The number of unique transmembrane (TM) protein structures doubled in the last four years that can be attributed to the revolution of cryo-electron microscopy. In addition, the AlphaFold2 (AF2) deep learning algorithm also provided a large number of predicted structures with high quality. However, if a specific protein family is the subject of a study, collecting the structures of the family members is highly challenging in spite of existing general and protein domain-specific databases.
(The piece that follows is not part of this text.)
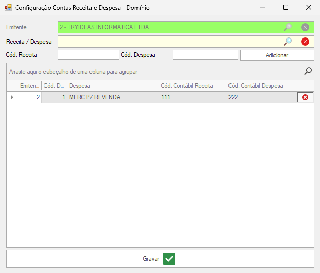 Código contábil da empresa no Domínio (consultar com seu contador qual utilizar).
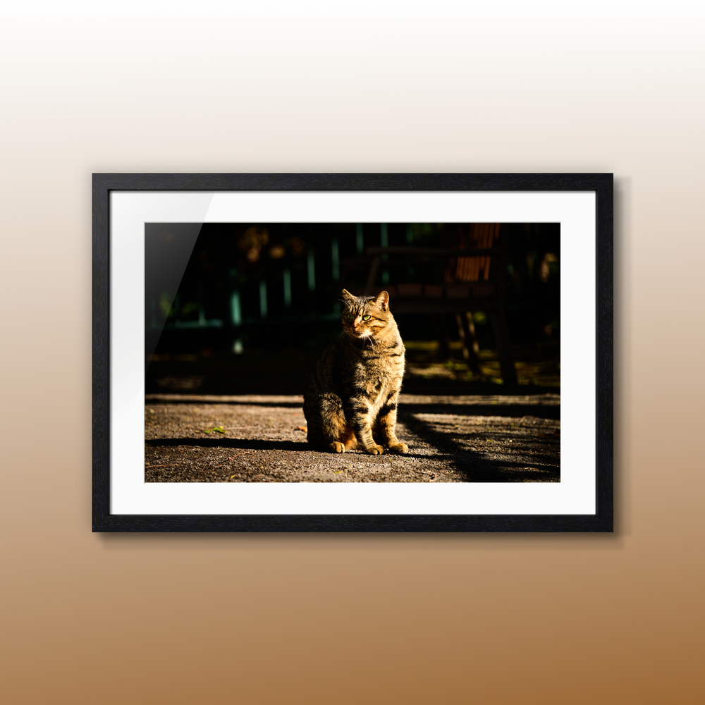 公園で偶然出会った野良猫。 緊張しながら少しずつ距離を縮めてきてくれたこの子。 周りを確認しながら自分の安全を確認する野生の目。 その瞬間の一枚。 太陽に照らされて、カッコよく写る野生の心、その心は暖かく優しい心を表している。

We demonstrate this and assess the applicability of automatic collection of protein structures via the ABC protein superfamily. We developed a pipeline to identify and classify transmembrane ABC protein structures and also to determine their conformational states based on special geometric measures, conftors. This and similar processes need alignment of structures with a run time of 1-10s that was feasible on the scale of experimental structures (n<300K). However, the ~100M theoretical, high quality AF2 protein structures renders the calculations challenging and requires reimplementation of various algorithms.
Since the AlphaFold database contains structure predictions only for single chains, we performed AF-Multimer predictions for human ABC half transporters functioning as dimers. Our AF2 predictions warn of possibly ambiguous interpretation of some biochemical data regarding interaction partners and call for further experiments and experimental structure determination. In order to organize structural data and made novel structure predictions and their annotation available for the broader scientific community, we joined the 3D-Beacon Network community to develop data and API standards.